Deshpande Foundation
- Formation: 1996
- Type: Non-governmental organization
- Purpose: Promoting entrepreneurship and innovation as catalysts for change
- Headquarters: Stoneham, Massachusetts, United States
- Region served: United States, India.
- President of Foundation: Gururaj (Desh), Jaishree Deshpande
- Website: Deshpande Foundation

= Deshpande Foundation =

Deshpande Foundation is a non-governmental organization founded in 1996 in the US by Dr. Gururaj (Desh) and Jaishree Deshpande to accelerate the creation of sustainable and scalable enterprises that have significant social and economic impact. Foundation has embarked on large-scale projects in the United States and India such as:

- Entrepreneurship for All.
- The Hubli Sandbox in Hubli, Karnataka, India.
- The Deshpande Center for Social Entrepreneurship in Hubli, Karnataka.
- The MIT Deshpande Center for Technological Innovation in Boston, Massachusetts.
- The Indus Entrepreneurs (TiE), in both the US and across India.
- The Indo US Collaboration for Engineering Education (IUCEE).

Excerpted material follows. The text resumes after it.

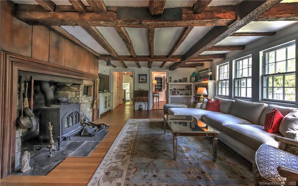 Historic charm meets refined living in this award-winning Old Hill residence. Charming, sophisticated, and rich with history, this exceptional 4-5 BR vintage residence is one of Westport's most notable homes, ideally situated in the prestigious Old Hill area. Known as the David Judah House, the property has been painstakingly and lovingly preserved and restored and is the recipient of the Helen Muller Award for Outstanding Property in a Local Historic District. .....A unique and flexible floor plan offers gracious, well-scaled living spaces throughout. Highlights include a living room with beamed ceiling, a banquet-sized dining room with built-ins, and a beautifully appointed kitchen with high-end appliances, Carrera marble counters, breakfast bar, and sunlit breakfast nook with French doors opening to a deck overlooking a private backyard, in addition to two patios. An adjoining lounge with wet bar is ideal for entertaining, while the expansive great room/studio provides an additional gathering space. The main-level en-suite primary bedroom features a fireplace, dressing area, abundant closets, and a second fireplace. Three bedrooms are located upstairs, with an additional lower-level ensuite BR/ office perfect for a guest suite or au pair. 3 car garage with EV charger included. Close to town, train, shopping, and beaches. Pets considered on a case-by-case basis. Credit check and references required. Rare opportunity to lease a home of true architectural distinction.
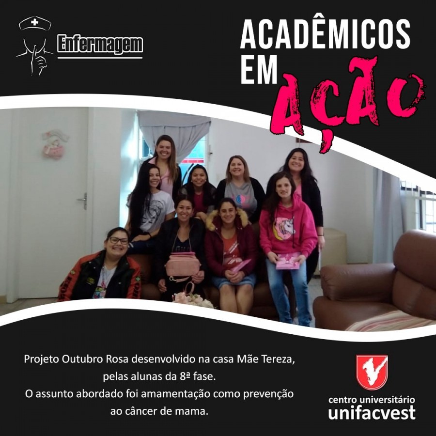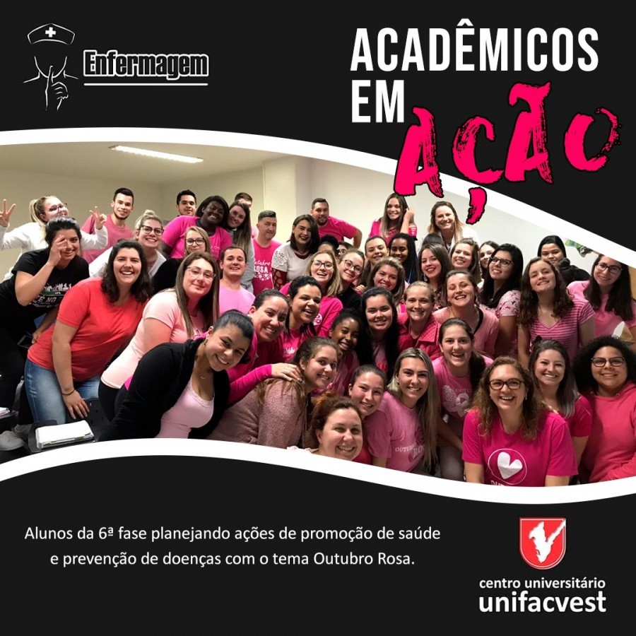 Os acadêmicos do Curso de Enfermagem da Unifacvest estão desenvolvendo várias ações relacionadas ao Outubro Rosa - mês de prevenção ao câncer de mama e à saúde da mulher. Confira nas fotos.

The foundation runs numerous programs in its Indian wing. Few of them are listed below.

- LEAD - LEADer's Accelerating Development Program. - Offers students an opportunity to make a change in their world. Program works with students who have big ideas for a better India, and wants them to see that vision transform into reality.
- Deshpande Fellowship Program.
- Deshpande Education trust - nurtures innovative ideas and inspires entrepreneurial acumen in youth.
- Master of Social Entrepreneurship - a two-year residential program affiliated with Karnatak University Dharwad.